У генерала мелких не оказалось, дал он дяде Васе четвертную.

— Только уж вы побыстрее на ноги его ставьте. — попросил. — А то — сами видите — в квартире разгром…

На третий день один Санька заявился.

— Дядя-то Вася, а? — сказал он. — Это надо же… меня вылечил, а сам слег… А ведь говорил я ему: дядя Вася, не пей ты эту полинку. Не пей! И так у вас в городе воздух чижолый…

— Какую такую Полинку? — спросил генерал.

— Во! Не знаете, что ли? — изумился Санька. — Политуру-то не знаете?… Ну и ну!.. Вот она, товарищ генерал, дядю Васю и свалила… Надо бы подлечить мужика. На ноги поставить.

Выдал генерал Саньке десятку. Строго наказал: завтра без дяди Васи не являться.

На четвертый день, и правда, пришли мужики вдвоем.

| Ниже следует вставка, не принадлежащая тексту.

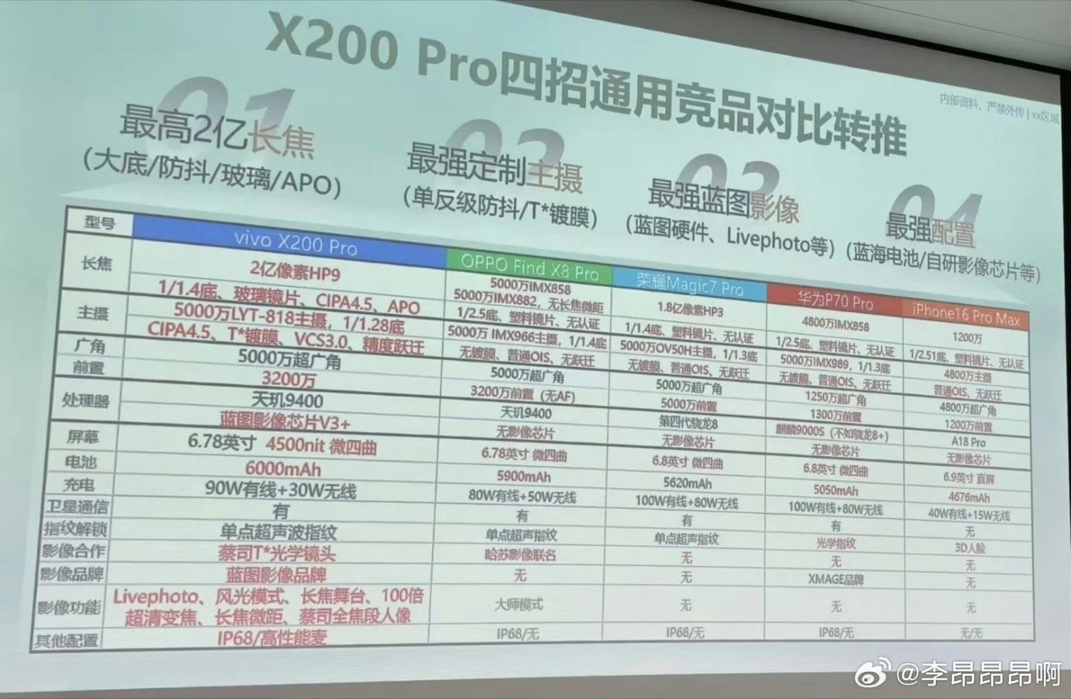 Vivo’s X200 Pro will compete with other brands’ “Pro” models this month. The Vivo X200 Pro and Oppo Find X8 Pro are compared in a leaked presentation image. Weibo has revealed the Honor Magic 7 Pro, Huawei Pura 70 Pro, and Apple iPhone 16 Pro Max. It is recommended that readers take the leak with a grain of salt since the authenticity of the image has not been verified.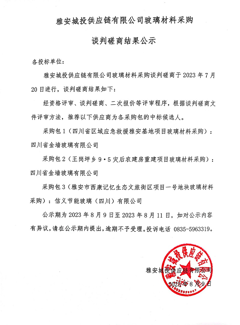 雅安城投供應(yīng)鏈有限公司玻璃材料采購(gòu)談判磋商結(jié)果公示

Только дядя Вася крючком согнутый. Мелкими шажками семенит и за поясницу держится.

— Перелечил, — говорит. — сукии кот, Санька, на другой бок. Заставь дурака богу молиться — он лоб расшибет. Как теперь буду кистью орудовать, если даже глаз к потолку поднять не могу?

Генеральша дядю Васю спрашивает: может, змеиный яд вам поясницу облегчит?